Umberto Eco The Name of the Rose
The clothesline and house on display in Be Ye As A Brazen Wall is ultimately revealed, in the bottom row of cabinets, to have its foundations on the literal body of the ancestor. The idea of the land as a figure is found in both Maaori and Paakeha cultural traditions. For Maaori the land is Papatuanuku, separated, in an act of destruction and creation by Tane, from Ranginui, the sky. Within Paakeha cultural traditions, the land is often formulated as a supine female, awaiting an act of (psychic) penetration or joining with the (usually male) spectator. McLeod's purpose in representing the land as a body is different, less about possession, or, at least, a different formulation of possession, since the territory McLeod describes is not a literal geography, but a psychological one. The ancestor is the territory of spoken and unspoken desires and commands, what McLeod calls a family's 'collective wish for being', created out of generations compressed in time like geological strata. The body of the ancestor underlies everything we do, and represents both nature and nurture, genetic codes and codes of behaviour given form in mottos and family sayings that travel down the generations.

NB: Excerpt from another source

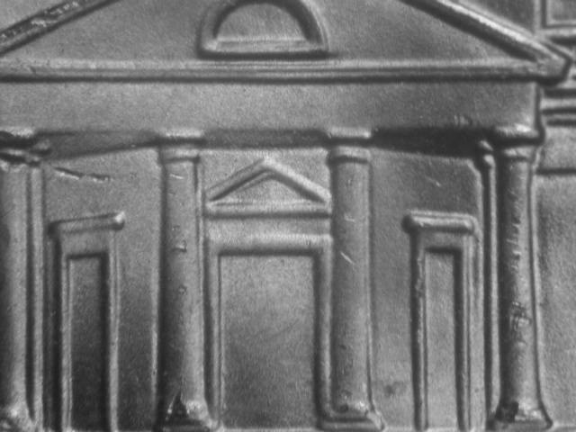 - Rev: Die gouge (dot) below and between long and small windows on right side of building; die dot to left of large center semicircular window.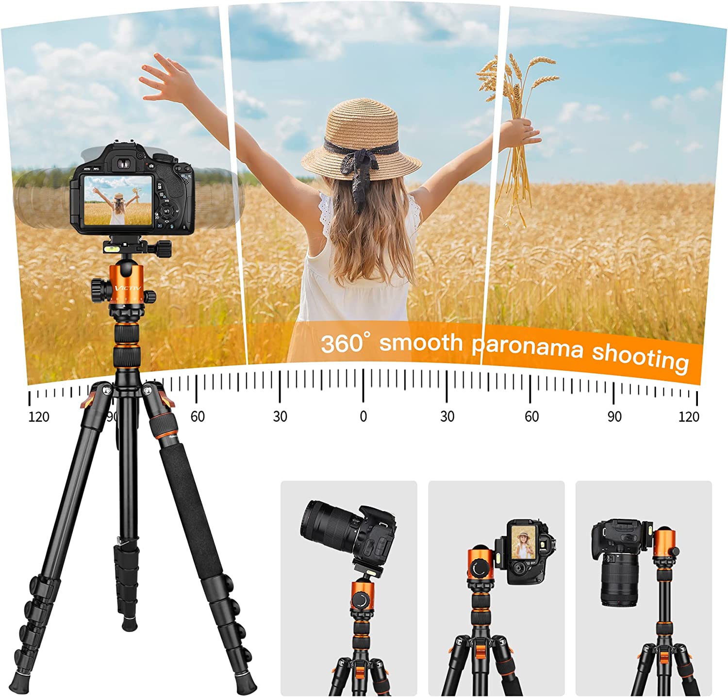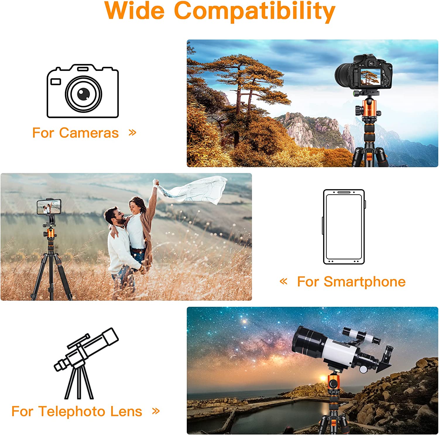 • 【High Quality & Flexible Design】 Made of aluminum alloy, light but strong tripod is with 3 built-in bubble levels and 2 quick release plats. 36mm ALUMINUM ball head that can rotate freely 360 degrees has strong wear and corrosion resistance. It provides a comfortable shooting experience and BETTER EQUIPMENT GUARANTEE each time

This is no easy confrontation with the spoken and unspoken wishes of the past, some of which, like a surname, are visible, and some of which, unnamed or articulated, may act upon us without recognition. Ultimately, Be Ye As A Brazen Wall is a kind of mausoleum, in which generations (five figures standing, only partially constructed from heads, hands and feet; and five figures lying down, compressed in the bottom row of cabinets; groups of five figures who move mechanically in each cabinet) are entombed, laid, as the phrase goes, to rest. But they don't rest, and they are not out of sight. Again the bodies of the past seek to intrude on the present, their effects as much a kind of haunting as a statement of genetic and cultural possibilities.